Segment Open

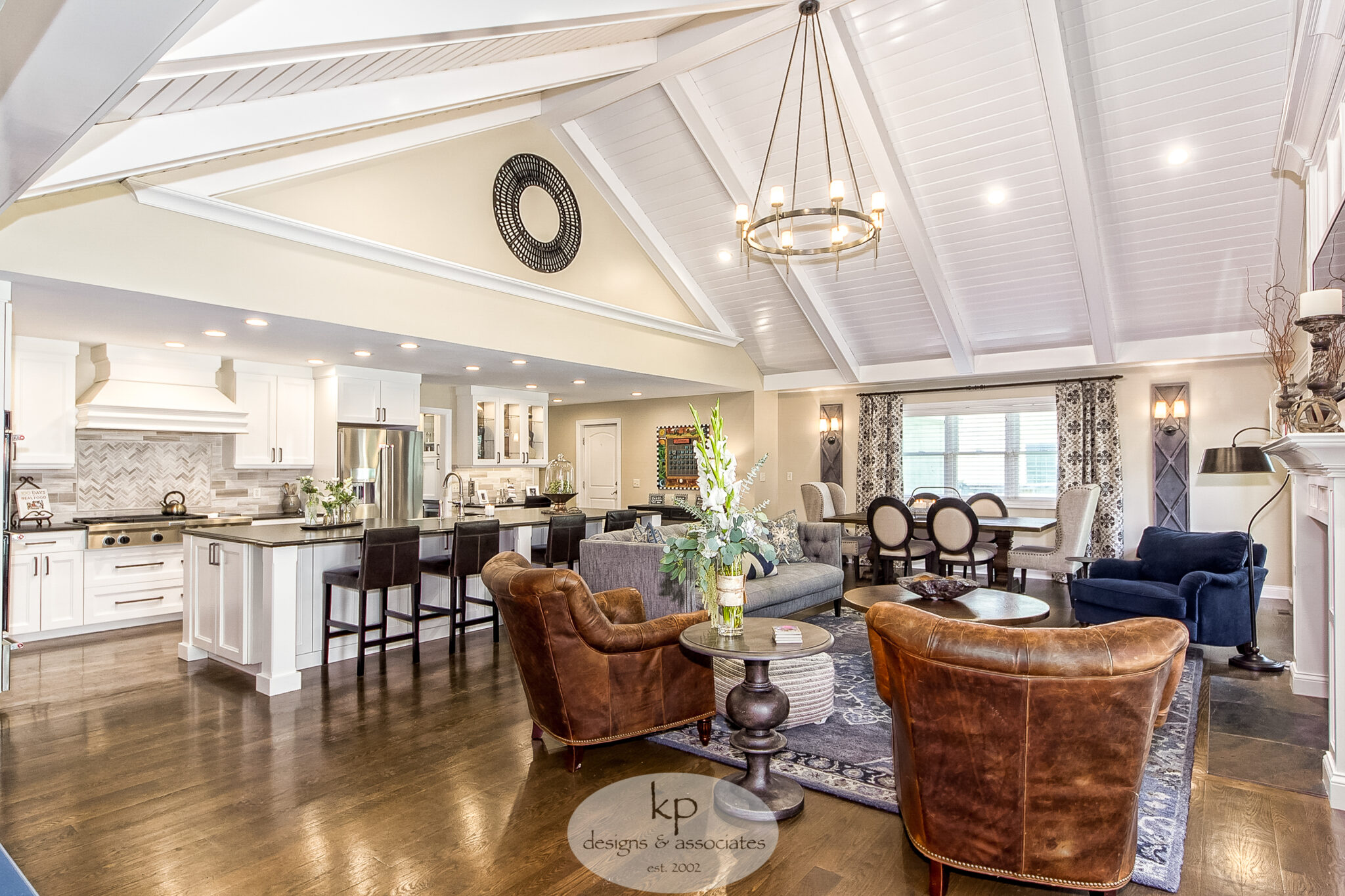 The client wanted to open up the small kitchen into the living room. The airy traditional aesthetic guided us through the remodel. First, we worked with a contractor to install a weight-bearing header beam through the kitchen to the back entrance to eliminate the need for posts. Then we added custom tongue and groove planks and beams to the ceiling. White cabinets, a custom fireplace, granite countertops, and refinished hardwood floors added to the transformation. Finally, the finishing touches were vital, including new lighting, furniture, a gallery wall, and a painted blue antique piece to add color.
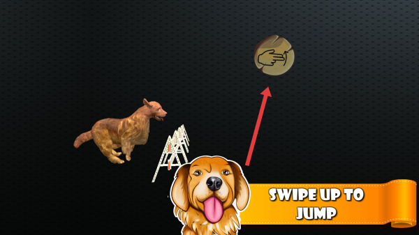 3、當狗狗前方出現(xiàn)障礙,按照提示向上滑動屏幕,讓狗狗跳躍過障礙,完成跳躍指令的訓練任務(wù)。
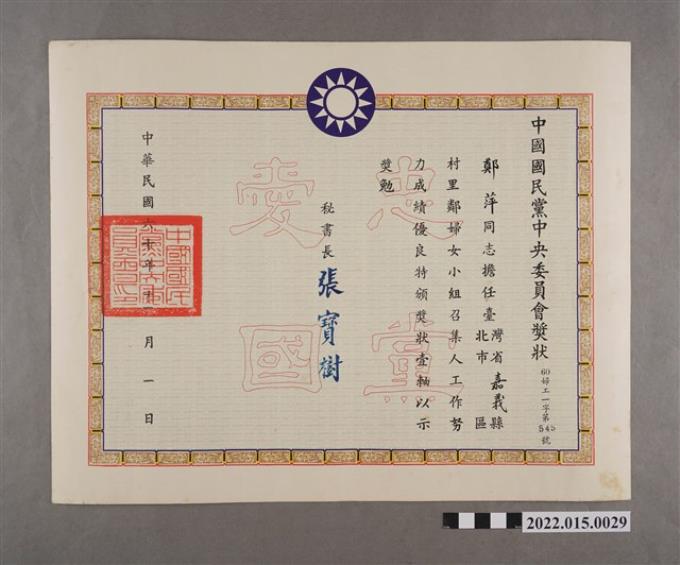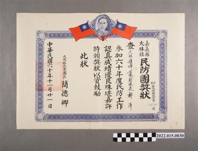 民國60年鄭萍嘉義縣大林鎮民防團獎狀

Segment Closed

→ **Problem to work on**
Transcribe exactly, and without any pictures, each line from the one that holds "3、當狗狗前方出現(xiàn" through the final line of the material above.

→ **Your solution**
 3、當狗狗前方出現(xiàn)障礙,按照提示向上滑動屏幕,讓狗狗跳躍過障礙,完成跳躍指令的訓練任務(wù)。
 民國60年鄭萍嘉義縣大林鎮民防團獎狀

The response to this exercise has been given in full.